We need to understand the interconnected circuits, and therefore, enhancing our ability to identify and prioritize targets with better confidence, with better understanding of the underlying biology is critical to really determining the root causes. If we go to the next clip, we are also synthesizing, as you heard me share, briefly, more and more compounds where we are designing 90% or synthesizing 90% fewer compounds of the industry benchmark. About 330 compounds on average versus 2,500-5,000 compounds, which is the industry standard to date, while also advancing these programs to advance in development candidates roughly 2 times as fast. This is a meaningful step change in both efficiency and cycle time, and something that we watch very carefully on an ongoing basis. The next clip, our ClinTech capabilities.

You know, where we have deployed it, we're already seeing about 30%-60% faster trial enrollment. This is very important for us, both for rare diseases and competitive areas such as in oncology, while increasing the eligible patient population for some of these programs from 10%-40%. This directly impacts our timelines and speed at which we can generate high-quality clinical data. Look, underpinning it all is an integrated platform with more than 50 petabytes of proprietary multi-modal data. This is incredibly critical for not just building purposeful models, but ensuring that we have our data moat that we not just invest in, but continue to expand. Suffice to say, these are not theoretical or isolated improvements.
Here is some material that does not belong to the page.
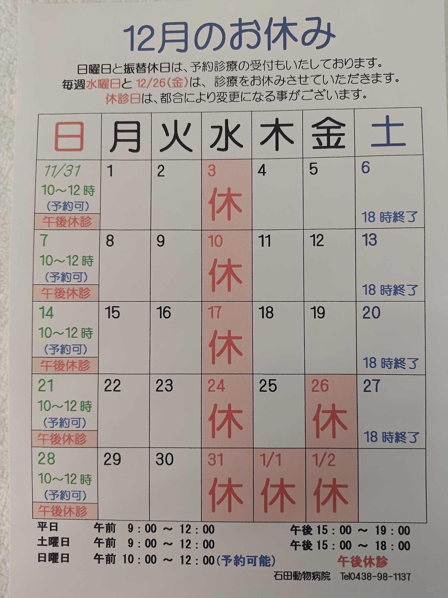 12月の診察予定日は毎週水曜日と、26日(金)が獣医師の津堂によりお休みをいただきます。

These are real, tangible gains that we keep measuring and focusing on to reinforce how our platform is changing the way we are discovering and developing our medicines. I always like to say they are green shoots, this is how we are pushing the frontier of what's possible with our platform. Let me double-click on a couple of recent examples in the biology layer where we're really pushing the next generation of our models that were recently published. Big picture, one area of focus for us in our biology platform is learning the language of biology. Sounds simple, not easy, incredibly important. We do it across many data layers by generating perturbations at scale, whether they're genetic, chemical, and so forth. Why is that important? What is our goal?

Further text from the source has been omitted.